Building search indexes
Google’s original use of MapReduce was to build indexes for its search engine, which was implemented as a workflow of 5 to 10 MapReduce jobs . Although Google later moved away from using MapReduce for this purpose , it helps to understand MapReduce if you look at it through the lens of building a search index. (Even today, Hadoop MapReduce remains a good way of building indexes for Lucene/Solr .)
We saw briefly in “Full-text search and fuzzy indexes” on page 88 how a full-text search index such as Lucene works: it is a file (the term dictionary) in which you can efficiently look up a particular keyword and find the list of all the document IDs containing that keyword (the postings list). This is a very simplified view of a search index—in reality it requires various additional data, in order to rank search results by relevance, correct misspellings, resolve synonyms, and so on—but the principle holds.
If you need to perform a full-text search over a fixed set of documents, then a batch process is a very effective way of building the indexes: the mappers partition the set of documents as needed, each reducer builds the index for its partition, and the index files are written to the distributed filesystem. Building such document-partitioned indexes (see “Partitioning and Secondary Indexes” on page 206) parallelizes very well.

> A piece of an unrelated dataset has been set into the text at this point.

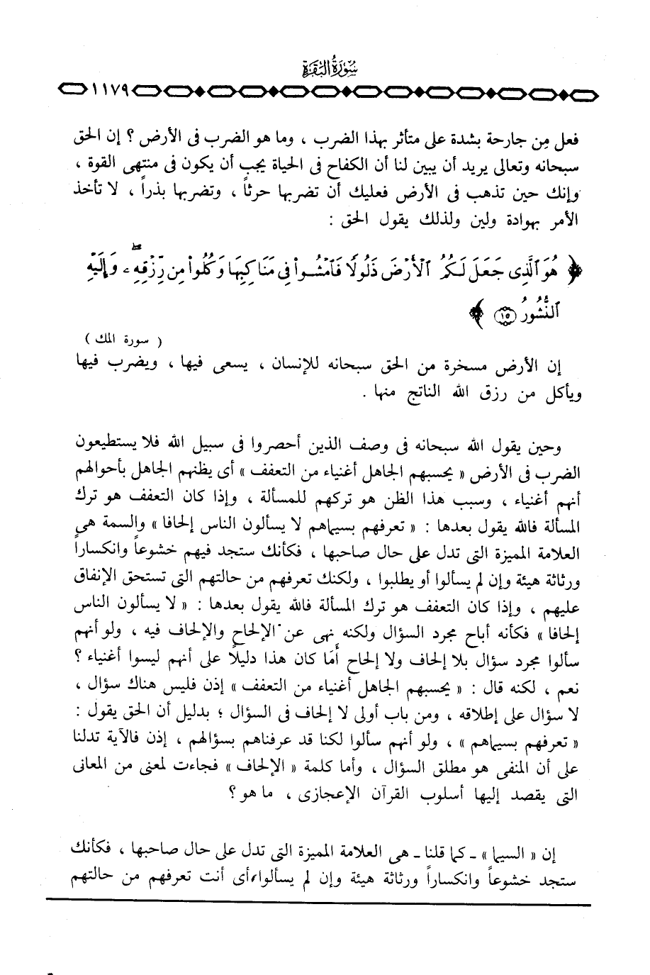 وحين يقول الله سبحانه في وصف الذين أحصروا في سبيل الله فلا يستطيعون الضرب في الأرض {يَحْسَبُهُمُ الجاهل أَغْنِيَآءَ مِنَ التعفف} أي يظنهم الجاهل بأحوالهم أنهم أغنياء، وسبب هذا الظن هو تركهم للمسألة، وإذا كان التعفف هو ترك المسألة فالله يقول بعدها: {تَعْرِفُهُم بِسِيمَاهُمْ لاَ يَسْأَلُونَ الناس إِلْحَافاً} والسمة هي العلامة المميزة التي تدل على حال صاحبها، فكأنك ستجد فيهم خشوعاً وانكساراً ورثاثة هيئة وإن لم يسألوا أو يطلبوا، ولكنك تعرفهم من حالتهم التي تستحق الإنفاق عليهم، وإذا كان التعفف هو ترك المسألة فالله يقول بعدها: {لاَ يَسْأَلُونَ الناس إِلْحَافاً} فكأنه أباح مجرد السؤال ولكنه نهى عن الإلحاحٍ والإلحاف فيه، ولو أنهم سألوا مجرد سؤال بلا إلحاف ولا إلحاح أَمَا كان هذا دليلاً على أنهم ليسوا أغنياء؟ نعم، لكنه قال: {يَحْسَبُهُمُ الجاهل أَغْنِيَآءَ مِنَ التعفف} إذن فليس هناك سؤال، لا سؤال على إطلاقه، ومن باب أولى لا إلحاف في السؤال؛ بدليل أن الحق يقول: {تَعْرِفُهُم بِسِيمَاهُمْ} ، ولو أنهم سألوا لكنا قد عرفناهم بسؤالهم، إذن فالآية تدلنا على أن المنفي هو مطلق السؤال، وأما كلمة «الإلحاف» فجاءت لمعنى من المعاني التي يقصد إليها أسلوب الإعجازي، ما هو؟

Since querying a search index by keyword is a read-only operation, these index files are immutable once they have been created.
If the indexed set of documents changes, one option is to periodically rerun the entire indexing workflow for the entire set of documents, and replace the previous index files wholesale with the new index files when it is done. This approach can be computationally expensive if only a small number of documents have changed, but it has the advantage that the indexing process is very easy to reason about: documents in, indexes out.
Alternatively, it is possible to build indexes incrementally. As discussed in Chapter 3, if you want to add, remove, or update documents in an index, Lucene writes out new segment files and asynchronously merges and compacts segment files in the background. We will see more on such incremental processing in Chapter 11.